Re: array -- foo, &foo and &foo[0]

On Mon, 13 Aug 2007 21:48:01 -0700, George
<George@xxxxxxxxxxxxxxxxxxxxxxxxx> wrote:

Hello everyone,


I think if we define foo as char array, for example,

char foo [32];

then foo, &foo and &foo[0] should be the same, right?

For example, the following 3 statements are the same,

strcpy (foo, goo);
strcpy (&foo, goo);
strcpy (&foo[0], goo);

Any comments?

The second one won't compile, because the first argument has the wrong
type. I consider the third one bad style, while the first one uses the
preferred syntax.

I am very interested in how C treats foo and &foo and make them the same?
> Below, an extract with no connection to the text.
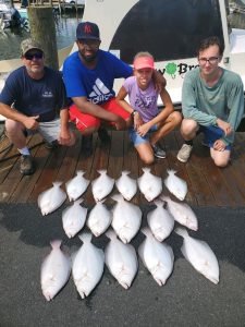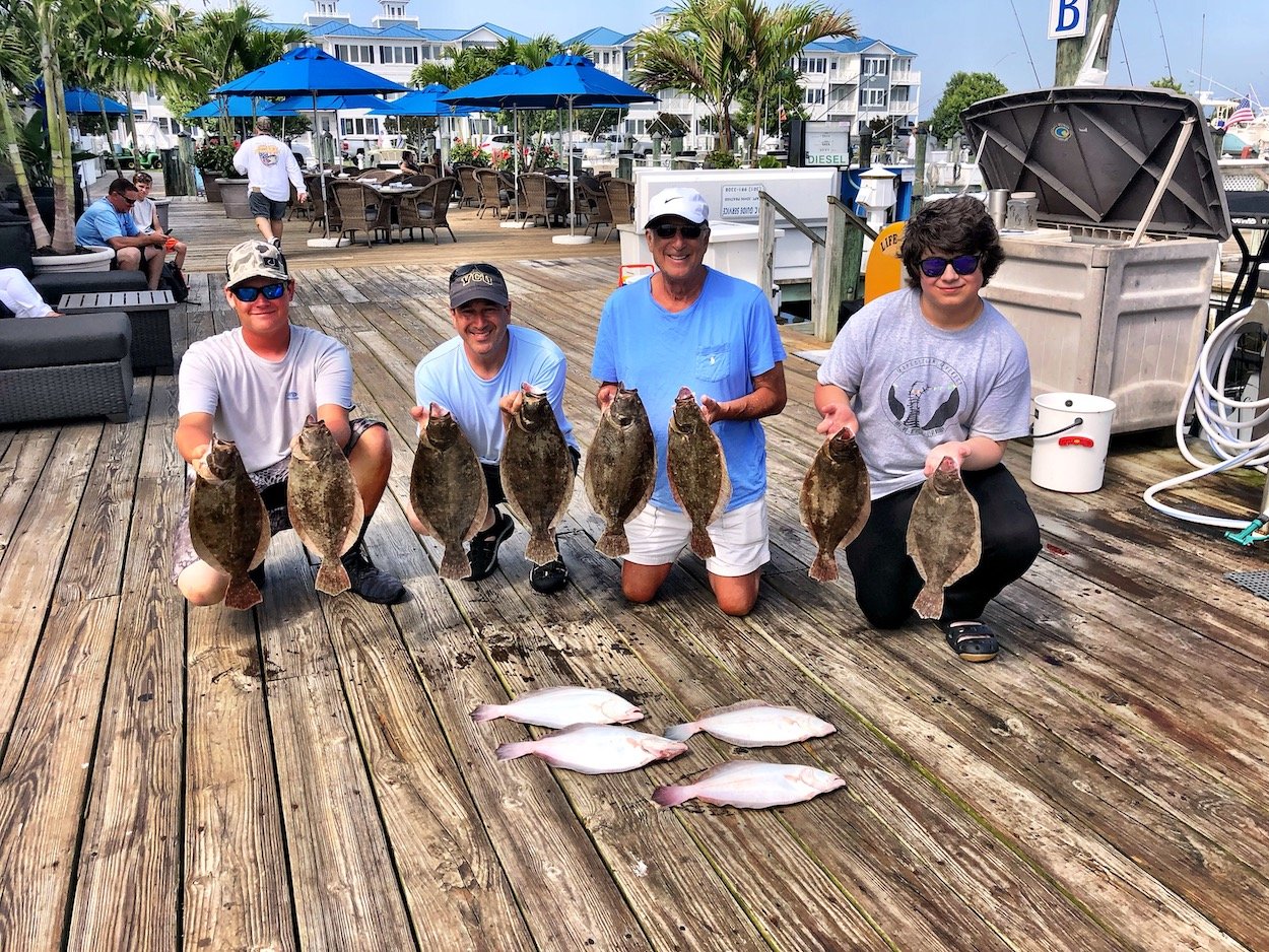 Conditions for flounder fishing in our back bays couldn’t be more perfect than it is right now. Clean water, sunny skies and high tide right in the middle of the day so anglers can catch the incoming and outgoing tide. If you try for flounder right now and don’t at least catch one I would be awfully surprised. The Fish in OC inshore fleet knows the ropes when it comes to flounder fishing and today they got into some of the best flounder fishing that I’ve ever seen in my 28 years in Ocean City. Captain Jason Mumford of Lucky Break had about the best of it with three trips today that all had keepers. This morning it was 12 keepers, followed by 16 keepers this afternoon, followed by four more keepers on the second afternoon trip for a total of 32 keeper flounder today. Truly unreal floundering!!

They have the same value, but the types are different. When you say:

foo

The array "foo" undergoes the array-to-pointer conversion in most contexts
(the main exception being sizeof(foo)), which produces a pointer to the
first element of the array. This pointer has type char*, or "pointer to
char". However, when you say:

&foo

You are taking the address of the array, and the resulting pointer has the
type:

char (*)[32]

This is a "pointer to an array of 32 char". To see the difference between
the two, consider the effect of incrementing the pointers. Note also that
if you had:

char x[10][32];

and you said:

x

The array-to-pointer conversion would produce a pointer to the first
element of the array x, which is an array of 32 char, so the type of the
pointer would again be char(*)[32].

Taking the address of an array is rarely useful. As for &foo[0], this is
taking the address of the first element of foo, so it produces the same
value as saying foo, and it has the same type. You need to use the &foo[0]
syntax when dealing with classes such as std::vector, which do not undergo
the array-to-pointer conversion, and I suppose you might also need to use
it when calling certain function templates. Another use would be to
emphasize that you are working on a single element, rather than the whole
array, which is more or less implied when you say foo.

--
Doug Harrison
Visual C++ MVP
.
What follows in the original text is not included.